[Showcase] 20centAI: A Minimal AI Chat Client That Switches Models Mid-Chat (and Saves 90% Tokens)

Hi Streamlit Community!

I wanted to see if I could build a chat client that doesn’t just talk to one AI – but switches between Claude, Mistral, and DeepSeek on the fly, without losing context.

:cow: What is 20centAI?

It starts as a simple chat interface.

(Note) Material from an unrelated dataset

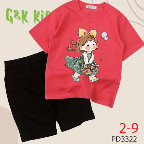 A506581 - Bộ áo phom rộng quần ngố bé gái chất thun coton 4c in cô bé_Size 2-9
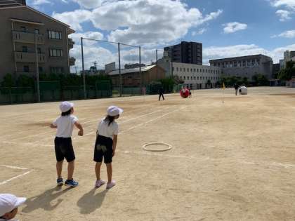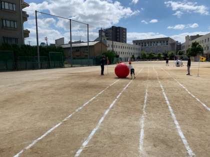 運動場で初めて大玉ころがしの練習をしました。どうしたらコーンの周りを素早く回ることができるのかを考えて練習しました。初めての練習でしたが、上手に次の人に大玉を渡すことができていました。

But under the hood, it demonstrates three patterns for building robust AI integrations:

  • Provider Abstraction: Swap models mid-conversation (no code changes)
  • Rolling Compression: Older messages get summarized automatically (~90% token savings)
  • Explicit State: No Streamlit magic – everything is transparent and testable

:hammer_and_wrench: The Tech Stack:

  • Streamlit: UI and session management
  • Python Protocols: Clean provider interface
  • Heuristic Compression: Simple but effective context management
  • ~600 lines total: Built to be read, not just run

:new_moon: What I learned:

  • Context management is harder than it looks
  • Token costs add up fast – compression isn’t optional for long chats
  • Sometimes the simplest heuristic beats a complex algorithm

:link: Check it out:

:new_moon: The question for you:
If you were building a multi-provider chat app, what pattern would you try first?
Or: What’s the one thing you’d change about this approach?

No pressure – just curious what other Streamlit devs think.

P.S. If you find a bug: That’s not a feature. Please tell me.